Menurut Direktur Aneka Energi Baru Terbarukan Kementerian ESDM Andriah Feby Misna, ada rencana phase-down atau menghentikan secara bertahap penggunaan batubara. Caranya ialah dengan menghentikan operasi lebih dini pembangkit listrik tenaga uap (PLTU).
”Untuk transisi energi, kita akan memanfaatkan energi baru dan terbarukan sebagai alternatif pengganti batubara. Kita punya banyak potensi EBT, seperti biofuel atau green hydrogen,” tutur Andriah.
Andriah menambahkan, pihaknya saat ini sedang menyusun peta jalan ”pensiun dini” PLTU di Indonesia. Menurut rencana, paling tidak ada satu proyek percontohan PLTU yang bakal dihentikan operasinya lebih dini.
Untuk mengantisipasi perubahan pada ”pensiun dini” PLTU tersebut, menurut Widhyawan, pemerintah perlu memperhatikan konteks sosial ekonomi, terutama menyangkut para pekerja di industri batubara. Cara yang bisa dilakukan pemerintah adalah memberikan pendampingan dan insentif pada mereka yang terdampak.
”Selain menjadi tantangan, ini menjadi peluang. Pemerintah perlu memfasilitasi para pekerja ini untuk beralih kecakapan agar bisa menangani sektor energi bersih,” ujarnya.
Upaya pemerintah
Koordinator Ketenagalistrikan Direktorat Ketenagalistrikan, Telekomunikasi, dan Informatika Bappenas Yusuf Suryanto mengatakan, ada dua kunci untuk mewujudkan Visi Indonesia 2045. Salah satunya meningkatkan pertumbuhan ekonomi sebesar 6 persen selama 2022-2045. Namun, pertumbuhan ekonomi triwulan II-2022 baru mencapai 5,44 persen.
Meski demikian, Yusuf optimistis target tersebut tercapai. Strateginya dengan melakukan transformasi ekonomi melalui ekonomi hijau. Di dalam ekonomi hijau ada proses transisi energi. ”Transisi energi dengan transisi listrik Indonesia, antara lain, dengan dekarbonisasi, perluasan elektrifikasi kendaraan listrik, reformasi kebijakan tarif dan harga, efisiensi energi, dan lokalisasi teknologi,” ucapnya.

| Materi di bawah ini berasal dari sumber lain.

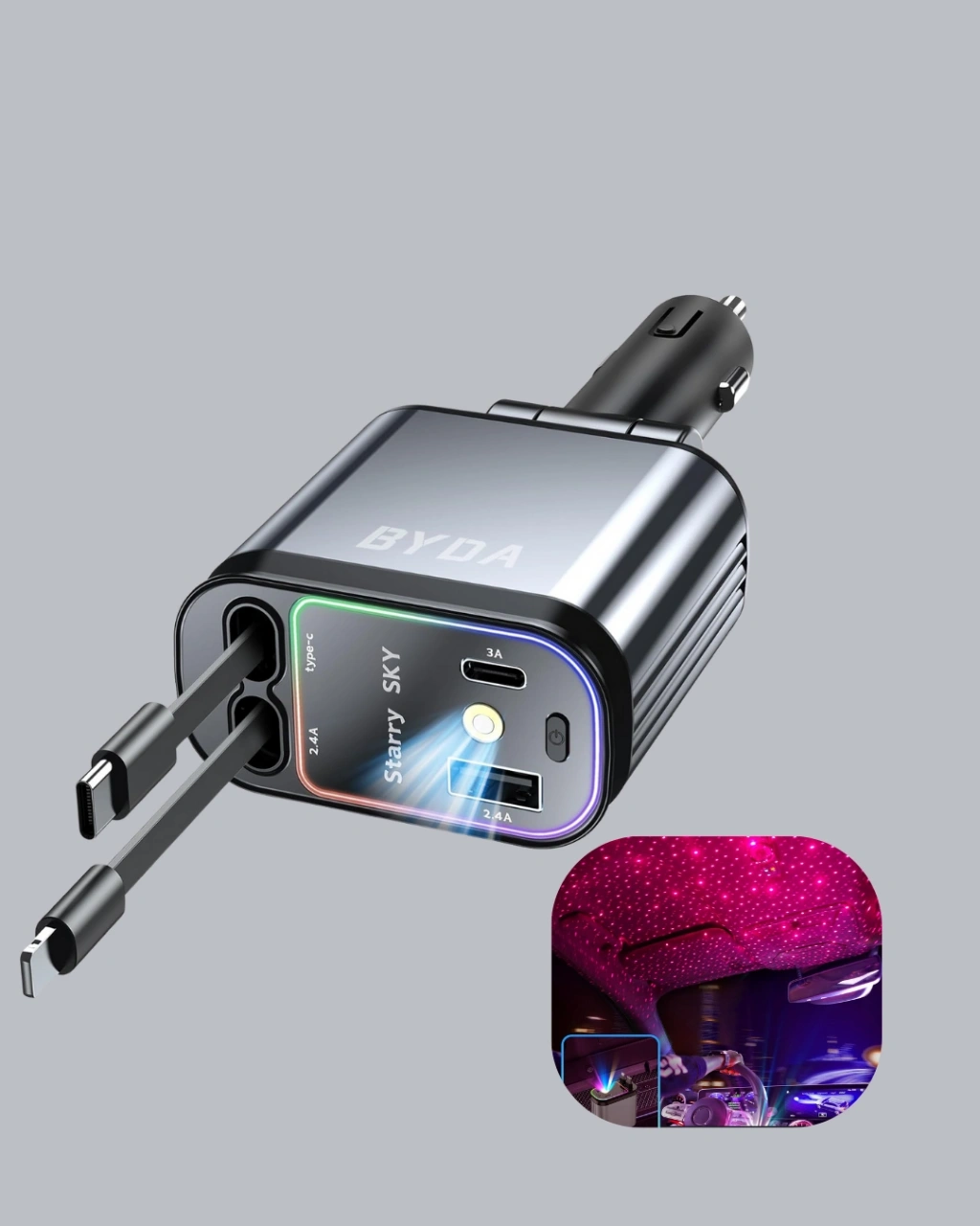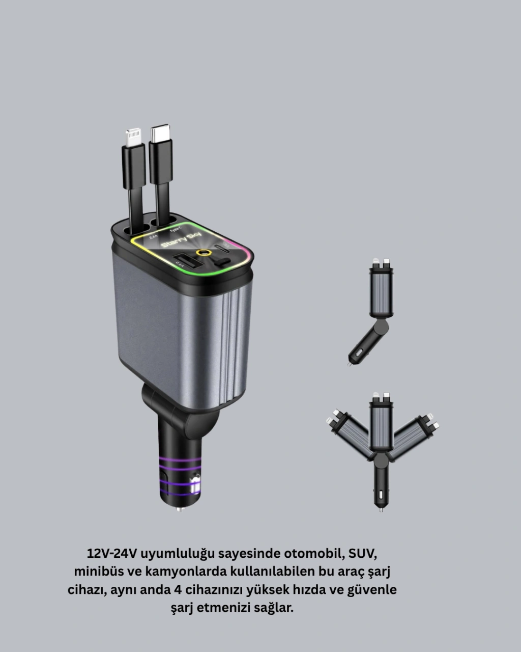 Seyahatlerinizde enerji sorunu yaşamayın! Araç Şarj Adaptörü 66W PD QC Hızlı Şarjlı ve Çekilebilir Kablolu, güçlü teknik donanımıyla araç içi şarj deneyimini üst seviyeye taşır.66W yüksek çıkış gücü, aynı anda dört farklı cihazı hızlı ve güvenli bir şekilde şarj etmenizi sağlar. Telefon, tablet, kulaklık, akıllı saat veya diğer USB cihazlarınız için ideal bir çözümdür.PD (Power Delivery) ve QC (Quick Charge) desteği, şarj süresini ciddi şekilde kısaltır. Akıllı akım dengeleme sistemi, cihazınızın pil ömrünü koruyarak aşırı ısınma, voltaj dalgalanması ve kısa devre risklerini ortadan kaldırır.Kompakt tasarımı ve çekilebilir kablo mekanizması, aracınızdaki kablo karmaşasını giderir. 80 cm’ye kadar uzayabilen kablo uzunluğu, sürüş sırasında esneklik sağlar.180° ayarlanabilir döner başlık, aracınızın priz konumuna göre rahat kullanım sunar.Gece kullanımı için entegre LED atmosfer ışığı, hem şık bir görünüm hem de konforlu bir deneyim sağlar.12V-24V araç uyumluluğu ile otomobil, SUV, minibüs ve kamyonlarda kullanılabilir.Araç Şarj Adaptörü 66W PD QC Hızlı Şarjlı ve Çekilebilir Kablolu, modern sürücüler için güvenilir, güçlü ve zarif bir enerji çözümüdür.

Rencana-rencana itu akan dimasukkan dalam Rencana Pembangunan Jangka Panjang Nasional 2025-2045 dan Rencana Pembangunaan Jangka Menengah Nasional 2025-2030.
Adapun Kementerian ESDM berpatokan kepada Peraturan Presiden (Perpres) Nomor 112 Tahun 2022 tentang Percepatan Energi Terbarukan untuk Penyediaan Tenaga Listrik. Dalam perpres tersebut terdapat ketentuan tentang dukungan pemerintah untuk badan usaha berupa insentif. Insentif diberikan dalam bentuk fiskal maupun non-fiskal. Selain itu, Kementerian ESDM juga akan menyiapkan tujuh regulasi turunan dari perpres tersebut.
”Empat regulasi berupa peraturan menteri yang di antaranya berupa harga pembelian listrik dari pembangkit listrik energi. Tiga regulasi sisanya berupa keputusan menteri,” ujar Andriah.